How has your life as a researcher changed over recent times?  Do you have any advice/tips for other research students?

Having started my DPhil in 2020, it would be hard to overlook the pandemic as the decisive factor influencing my life as a researcher. On the one hand, it made acclimatising to a new environment more difficult, but the range of possibilities opened in its wake have been transformational, namely the accelerated adoption of remote work, online research methods, and broader digital humanities tools and strategies. In terms of advice for other research students, I would offer the following tips: Embrace technology: being tech-savvy is a major bonus in today’s research landscape. Learn how to use digital tools for data collection, analysis, and collaboration effectively, and take advantage of the possibilities of speaking to people and presenting your work online. At the same time, be conscious that adaptability is key: be ready to adapt to changes in the research landscape, whether they are driven by technological advancements or by external factors like pandemics.

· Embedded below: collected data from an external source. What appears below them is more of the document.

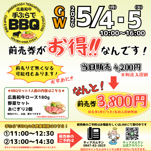 神石高原ティアガルテンのゴールデンウィークのイベント。手ぶらで広島和牛のBBQが出来る手軽さで毎年評判。BBQの他に、音楽ステージや宝探しゲーム、飲食屋台も出店。BBQは1日の数に限りあり。電話予約を推奨。LINEアカウントからも予約可。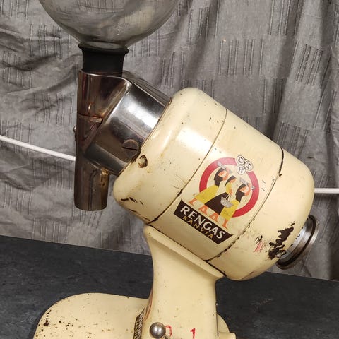 This coffee grinder is old and in working order. All original parts are perfect for decorating cafes and restaurants. Dimensions: 20cm x 20cm x 20cm.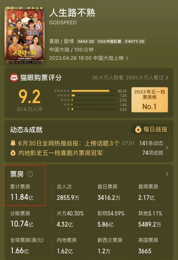 作为第一出品方的电影《人生路不熟》,票房11.84亿元,

What do you like doing when you’re not buried in your research?!

The intellectual answer would be listening to podcasts on history and politics, while a more colloquial answer (and by no means less veracious) answer would be consuming football in every possible media—from watching live games, to listening to specialised podcasts, to arguing on social media. My weekends and holidays are dedicated to spending time with my wife and our lovely two kids.